#### RECORDS PROVIDED
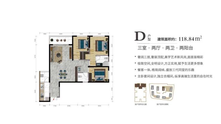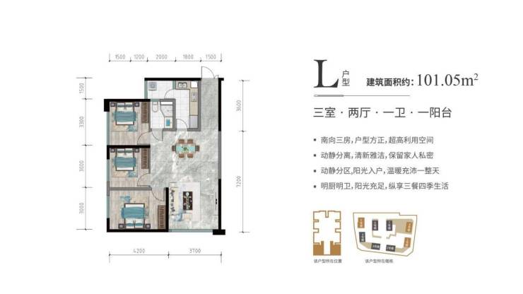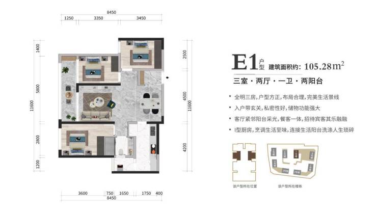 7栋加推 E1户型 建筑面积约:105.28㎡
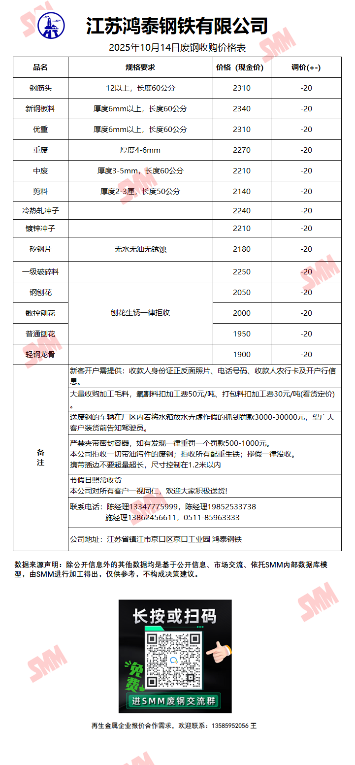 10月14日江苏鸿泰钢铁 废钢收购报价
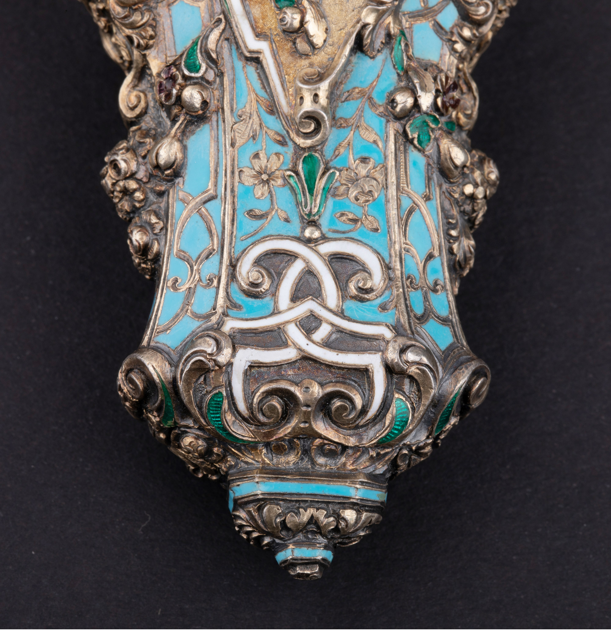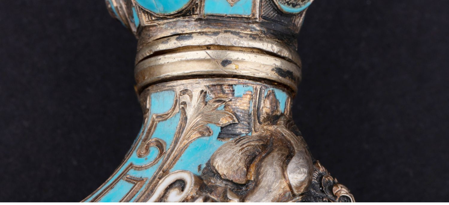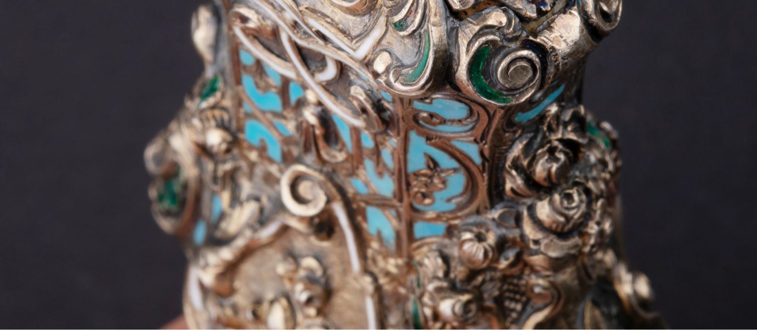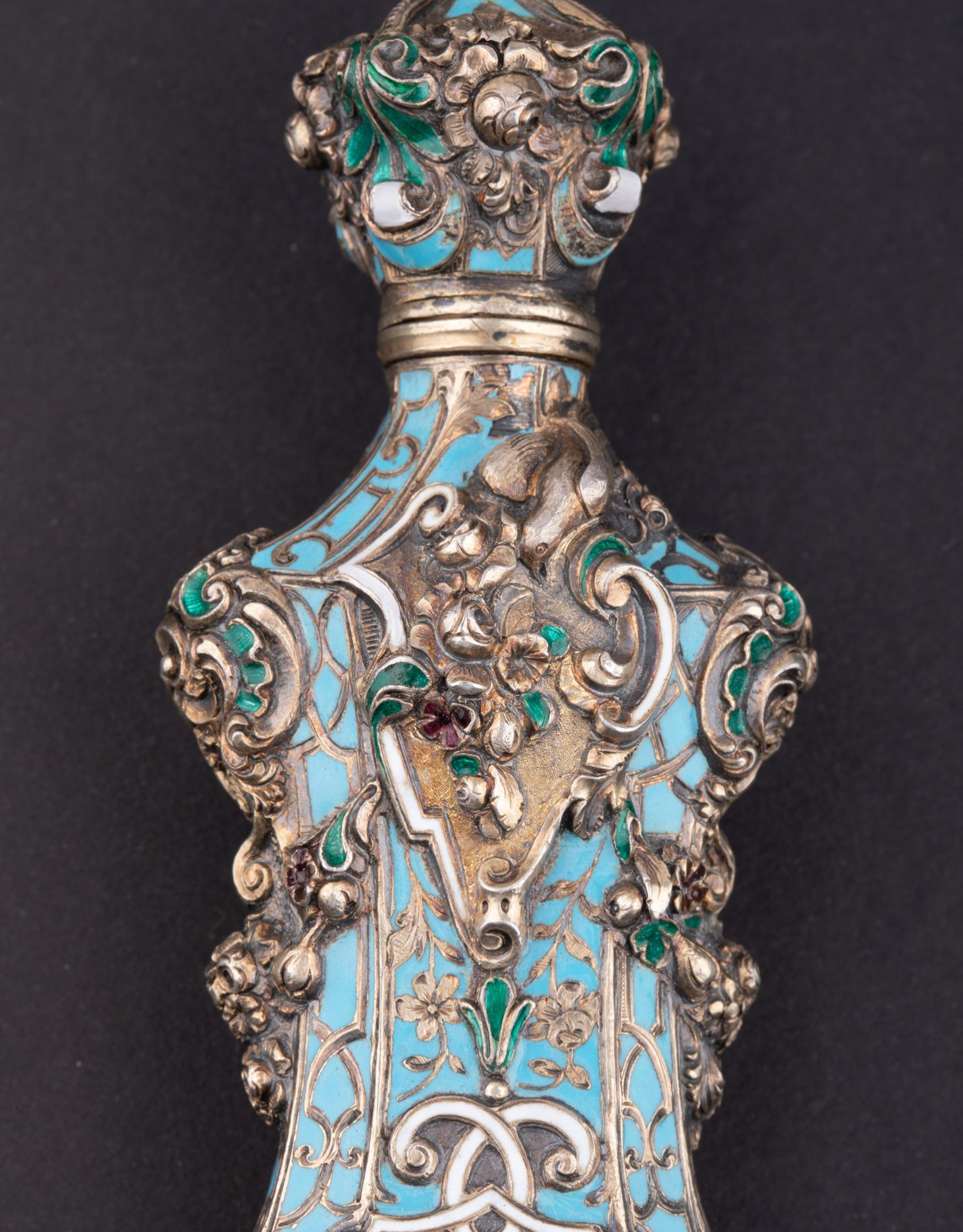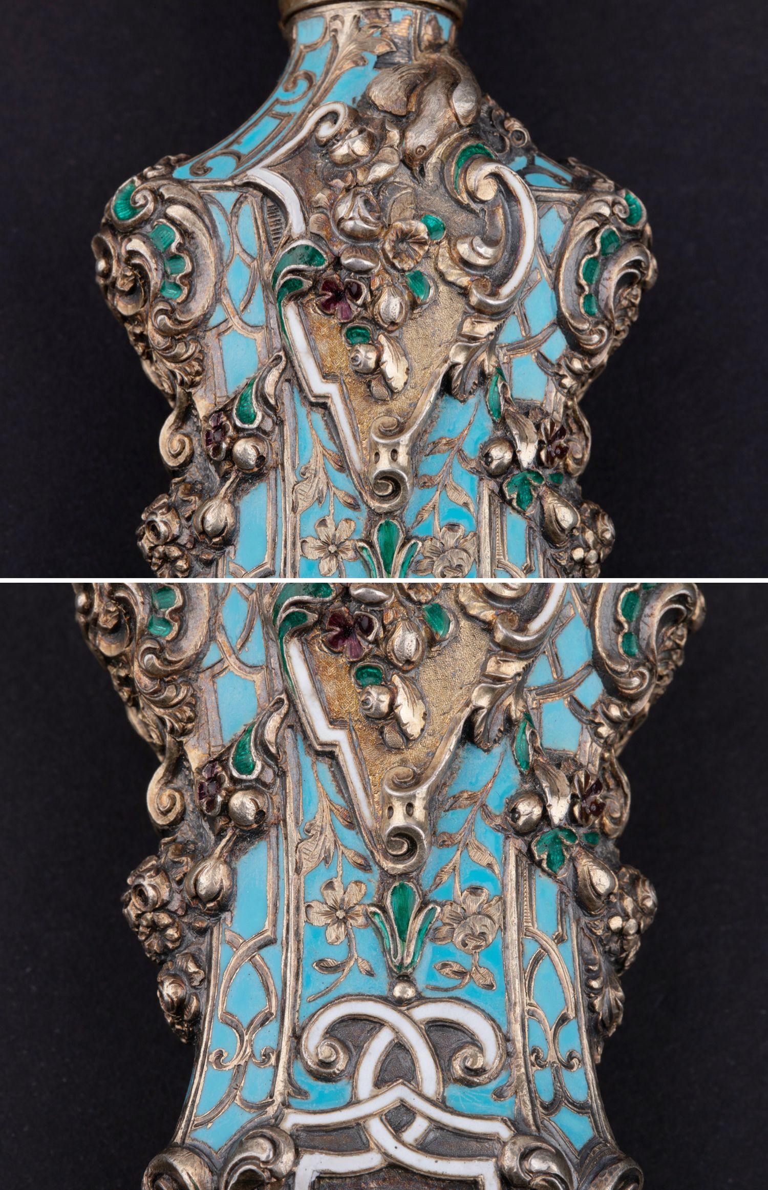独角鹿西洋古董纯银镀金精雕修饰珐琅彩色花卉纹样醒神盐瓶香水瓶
########
#### RECORDS PROVIDED
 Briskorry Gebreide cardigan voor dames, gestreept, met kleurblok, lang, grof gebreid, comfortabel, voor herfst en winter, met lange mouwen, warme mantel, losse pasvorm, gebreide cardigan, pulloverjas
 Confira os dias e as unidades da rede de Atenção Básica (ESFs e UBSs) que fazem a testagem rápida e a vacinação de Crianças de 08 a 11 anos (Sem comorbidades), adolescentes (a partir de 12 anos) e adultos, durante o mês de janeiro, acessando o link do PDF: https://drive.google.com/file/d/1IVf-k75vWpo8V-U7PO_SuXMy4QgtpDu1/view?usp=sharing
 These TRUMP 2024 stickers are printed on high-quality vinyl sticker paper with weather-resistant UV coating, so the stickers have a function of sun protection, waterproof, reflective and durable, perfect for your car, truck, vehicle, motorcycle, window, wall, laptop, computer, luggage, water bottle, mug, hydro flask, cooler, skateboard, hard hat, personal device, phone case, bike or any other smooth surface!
########
#### RECORDS PROVIDED
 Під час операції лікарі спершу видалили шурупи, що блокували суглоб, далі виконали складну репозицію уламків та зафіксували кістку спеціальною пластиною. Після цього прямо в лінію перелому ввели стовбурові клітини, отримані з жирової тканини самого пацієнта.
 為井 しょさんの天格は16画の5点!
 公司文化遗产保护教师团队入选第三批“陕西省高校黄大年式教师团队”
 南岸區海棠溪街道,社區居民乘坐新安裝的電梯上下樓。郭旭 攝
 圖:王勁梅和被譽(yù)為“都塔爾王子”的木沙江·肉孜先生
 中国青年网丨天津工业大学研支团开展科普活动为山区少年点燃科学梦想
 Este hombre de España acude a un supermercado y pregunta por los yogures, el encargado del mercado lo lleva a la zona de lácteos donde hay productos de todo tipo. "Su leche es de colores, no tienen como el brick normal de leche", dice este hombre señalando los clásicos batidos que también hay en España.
########
__WHAT TO PRODUCE__.
With the pictures omitted, copy exactly the lines of the listing above starting at the line containing "7栋加推 E1户型 建筑面积约:105.28㎡" and ending at the line containing "独角鹿西洋古董纯银镀金精雕修饰珐琅彩色花卉纹样醒神盐瓶香水瓶", both included.

__RESULT OF THE EXERCISE__.
 7栋加推 E1户型 建筑面积约:105.28㎡
 10月14日江苏鸿泰钢铁 废钢收购报价
独角鹿西洋古董纯银镀金精雕修饰珐琅彩色花卉纹样醒神盐瓶香水瓶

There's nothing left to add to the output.